Try it: The entries below contain pictures, which are to be left out; write out exactly, and only, the lines from the line with "Perhaps you weren't" up to and including the line with "14K Gold Plated".

Supplied material:
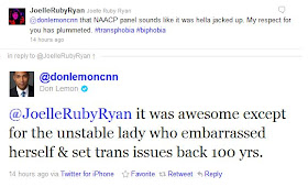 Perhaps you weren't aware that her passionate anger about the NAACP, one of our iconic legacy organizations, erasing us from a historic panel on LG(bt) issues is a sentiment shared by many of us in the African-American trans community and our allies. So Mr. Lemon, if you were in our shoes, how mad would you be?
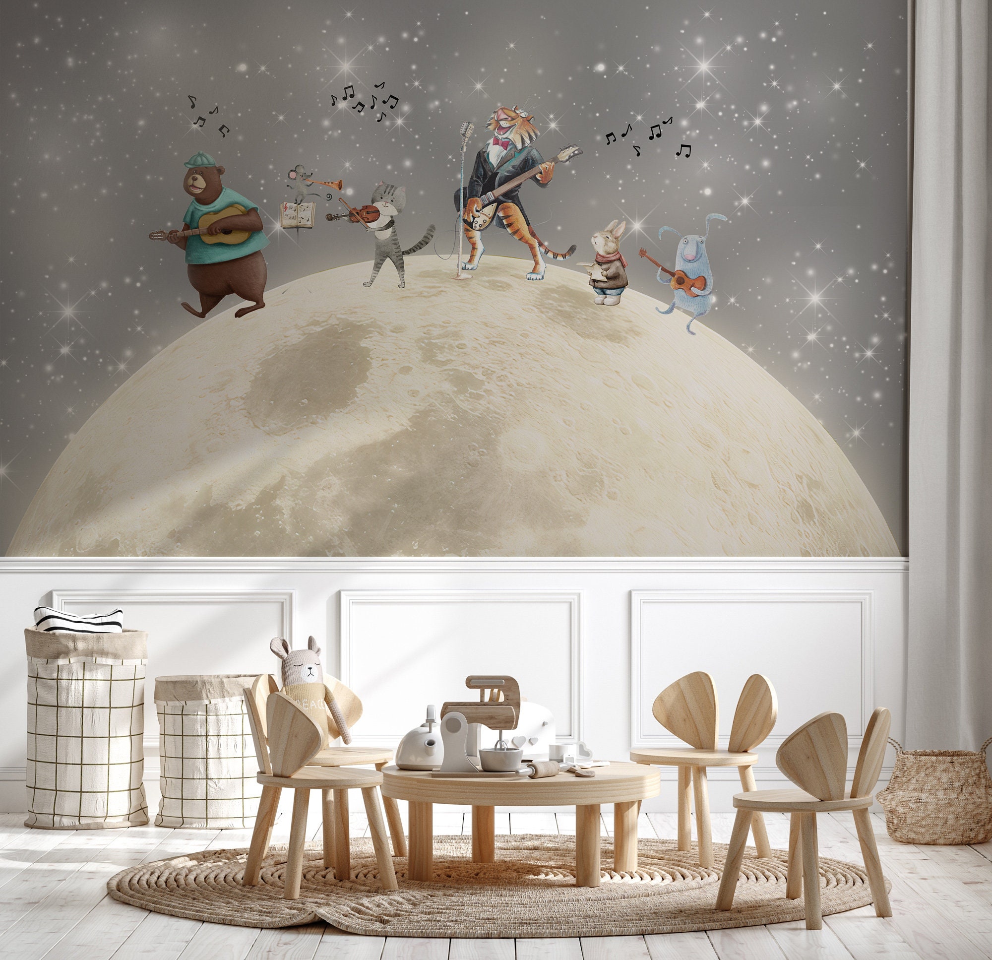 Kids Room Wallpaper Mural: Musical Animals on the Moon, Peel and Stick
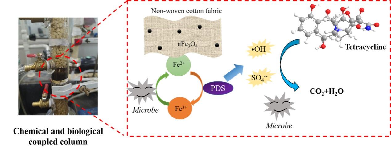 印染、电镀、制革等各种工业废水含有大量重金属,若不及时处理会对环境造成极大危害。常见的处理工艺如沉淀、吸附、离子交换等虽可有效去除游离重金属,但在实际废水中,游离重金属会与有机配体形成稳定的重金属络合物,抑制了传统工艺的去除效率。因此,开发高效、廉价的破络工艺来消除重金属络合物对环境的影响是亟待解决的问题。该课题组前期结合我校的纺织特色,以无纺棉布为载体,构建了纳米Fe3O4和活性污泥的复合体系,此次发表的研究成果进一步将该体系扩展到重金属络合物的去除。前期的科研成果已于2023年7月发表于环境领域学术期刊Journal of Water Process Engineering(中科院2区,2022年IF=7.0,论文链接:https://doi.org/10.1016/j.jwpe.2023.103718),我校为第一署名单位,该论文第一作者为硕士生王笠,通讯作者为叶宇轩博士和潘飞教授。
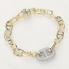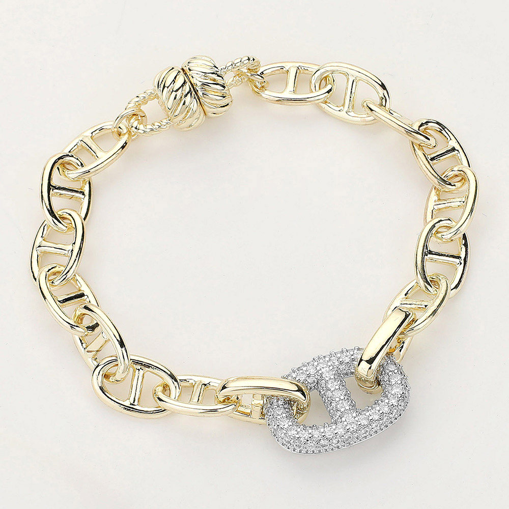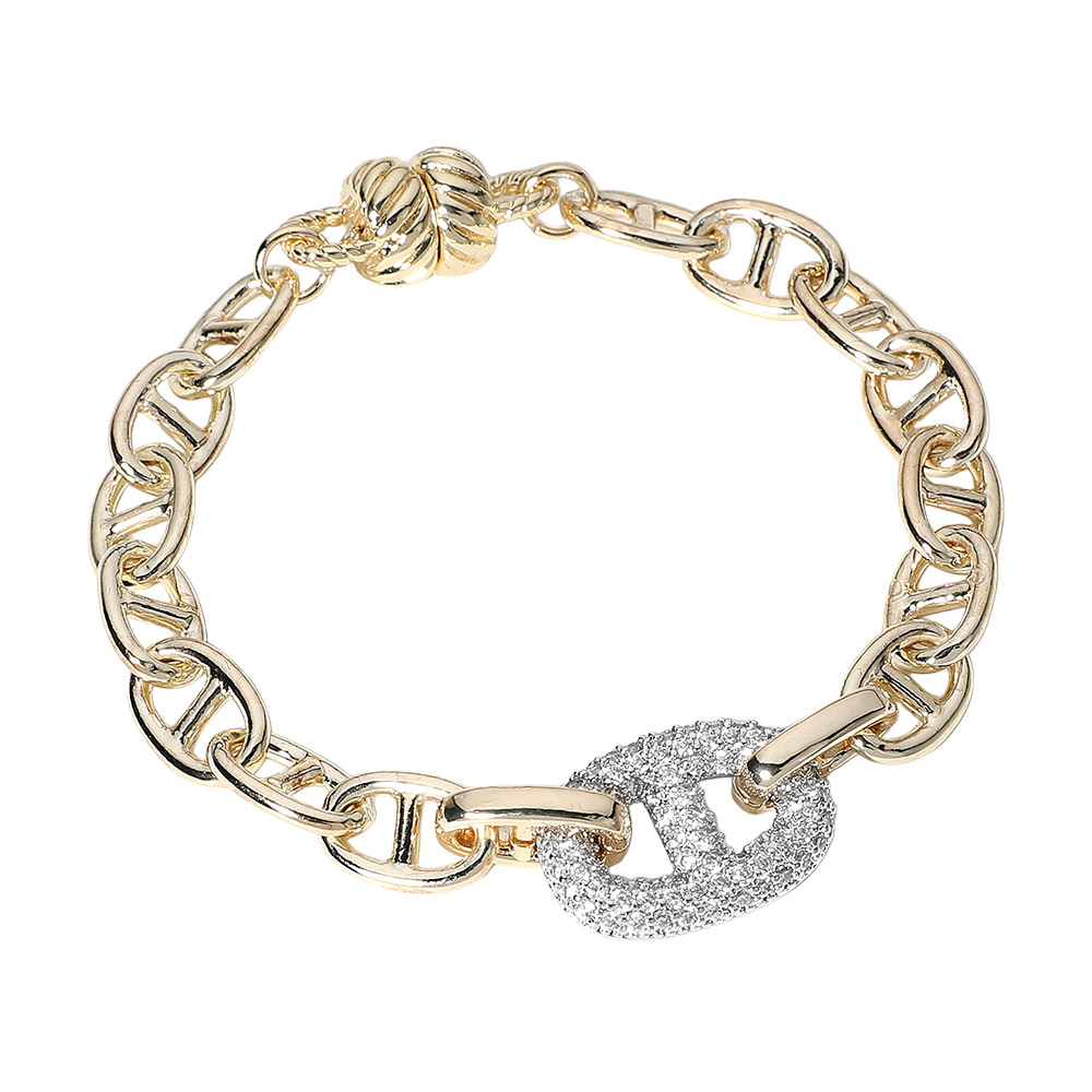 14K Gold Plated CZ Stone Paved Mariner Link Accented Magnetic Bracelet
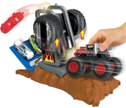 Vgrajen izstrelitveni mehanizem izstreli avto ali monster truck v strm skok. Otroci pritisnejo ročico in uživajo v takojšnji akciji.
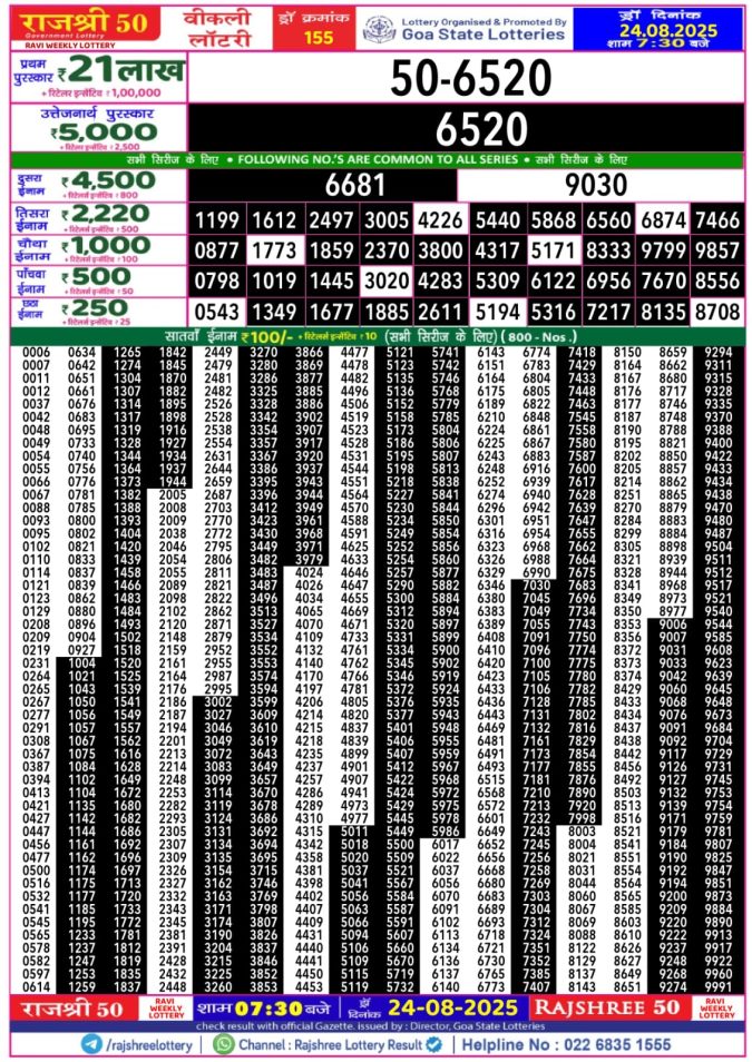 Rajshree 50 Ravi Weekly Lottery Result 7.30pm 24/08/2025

---

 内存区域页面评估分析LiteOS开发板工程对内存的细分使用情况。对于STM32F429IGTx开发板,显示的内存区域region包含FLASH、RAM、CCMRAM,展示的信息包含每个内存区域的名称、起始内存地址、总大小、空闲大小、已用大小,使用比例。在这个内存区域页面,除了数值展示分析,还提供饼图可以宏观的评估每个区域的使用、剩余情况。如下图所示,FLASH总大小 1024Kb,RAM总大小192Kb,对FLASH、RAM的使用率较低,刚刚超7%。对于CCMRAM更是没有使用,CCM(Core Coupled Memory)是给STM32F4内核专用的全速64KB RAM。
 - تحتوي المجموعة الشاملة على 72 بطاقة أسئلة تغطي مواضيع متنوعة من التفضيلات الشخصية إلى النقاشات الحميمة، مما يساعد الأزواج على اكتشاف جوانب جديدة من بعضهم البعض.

* * *

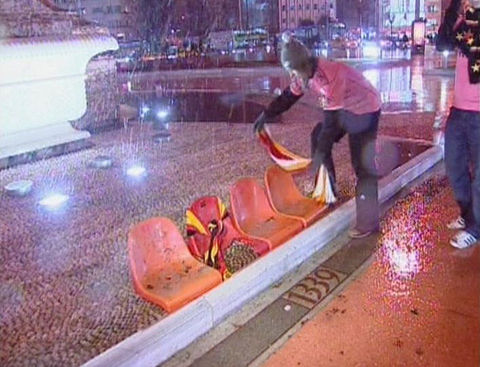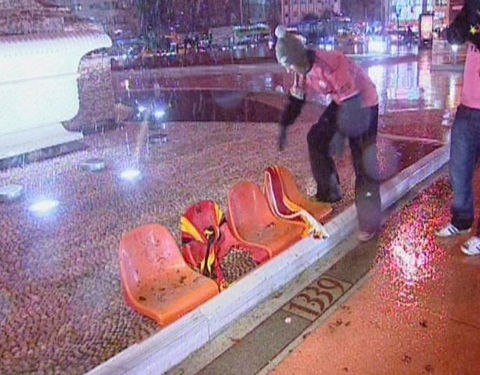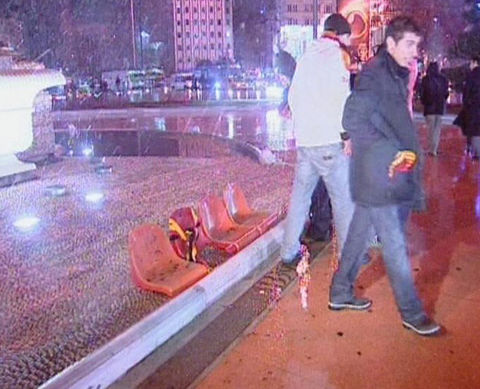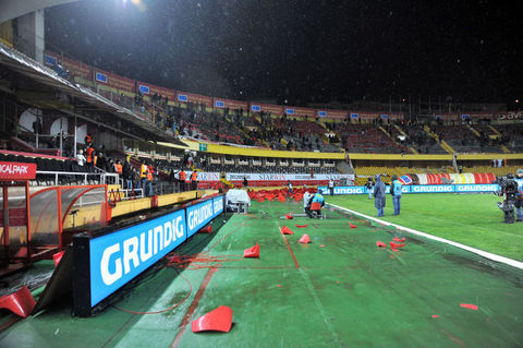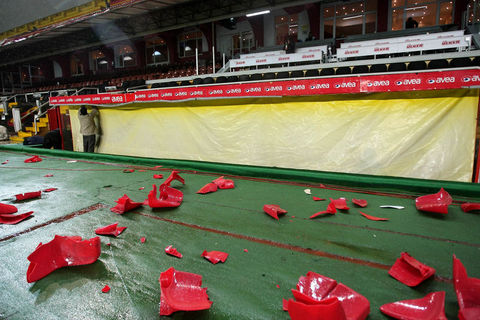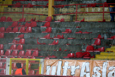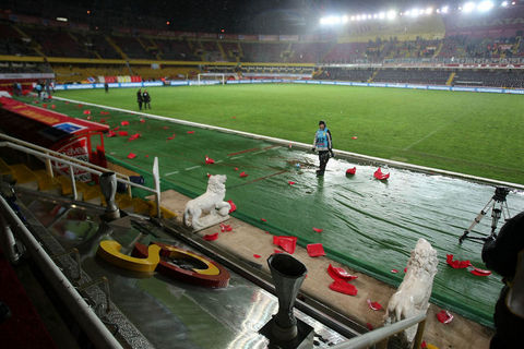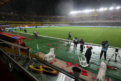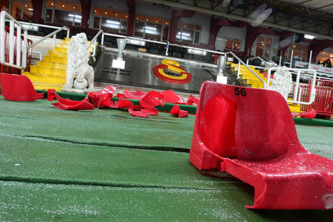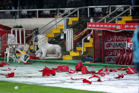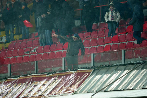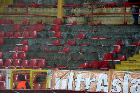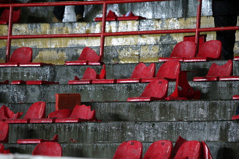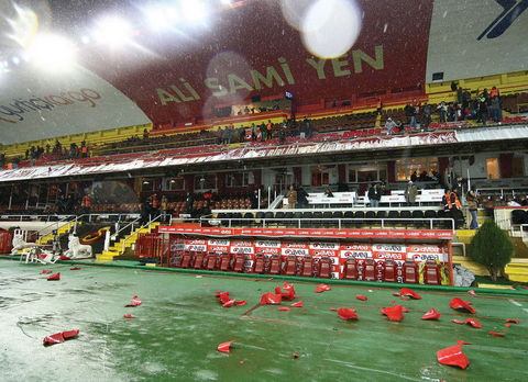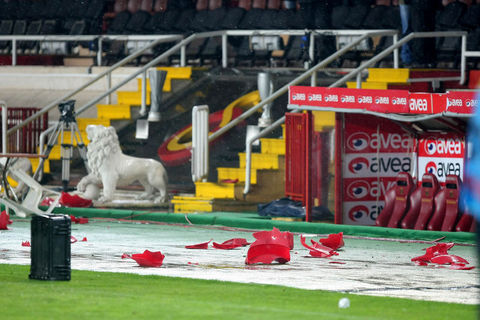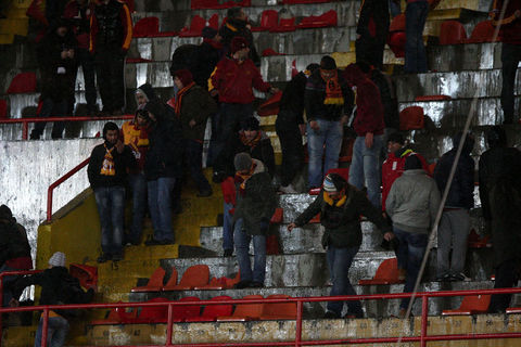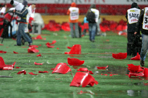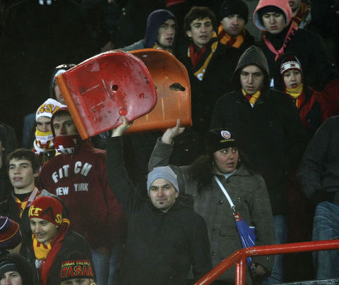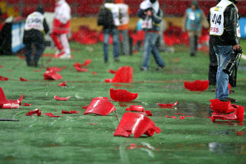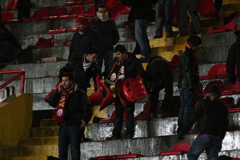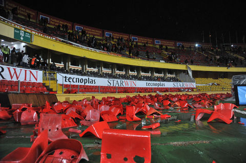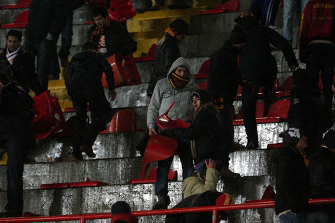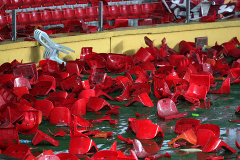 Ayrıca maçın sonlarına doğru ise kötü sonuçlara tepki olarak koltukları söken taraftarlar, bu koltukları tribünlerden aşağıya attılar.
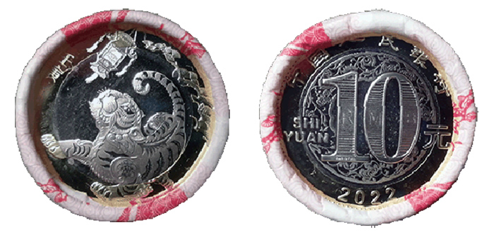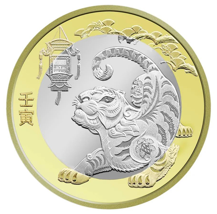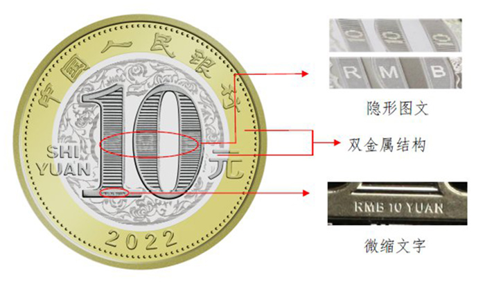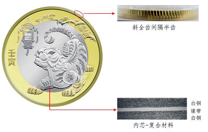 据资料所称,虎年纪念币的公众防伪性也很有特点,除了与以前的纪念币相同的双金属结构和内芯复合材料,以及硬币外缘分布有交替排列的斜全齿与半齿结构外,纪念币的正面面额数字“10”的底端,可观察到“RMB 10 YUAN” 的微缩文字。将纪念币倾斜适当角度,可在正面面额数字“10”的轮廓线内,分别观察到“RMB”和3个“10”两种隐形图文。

Result of this task:
 Perhaps you weren't aware that her passionate anger about the NAACP, one of our iconic legacy organizations, erasing us from a historic panel on LG(bt) issues is a sentiment shared by many of us in the African-American trans community and our allies. So Mr. Lemon, if you were in our shoes, how mad would you be?
 Kids Room Wallpaper Mural: Musical Animals on the Moon, Peel and Stick
 印染、电镀、制革等各种工业废水含有大量重金属,若不及时处理会对环境造成极大危害。常见的处理工艺如沉淀、吸附、离子交换等虽可有效去除游离重金属,但在实际废水中,游离重金属会与有机配体形成稳定的重金属络合物,抑制了传统工艺的去除效率。因此,开发高效、廉价的破络工艺来消除重金属络合物对环境的影响是亟待解决的问题。该课题组前期结合我校的纺织特色,以无纺棉布为载体,构建了纳米Fe3O4和活性污泥的复合体系,此次发表的研究成果进一步将该体系扩展到重金属络合物的去除。前期的科研成果已于2023年7月发表于环境领域学术期刊Journal of Water Process Engineering(中科院2区,2022年IF=7.0,论文链接:https://doi.org/10.1016/j.jwpe.2023.103718),我校为第一署名单位,该论文第一作者为硕士生王笠,通讯作者为叶宇轩博士和潘飞教授。
 14K Gold Plated CZ Stone Paved Mariner Link Accented Magnetic Bracelet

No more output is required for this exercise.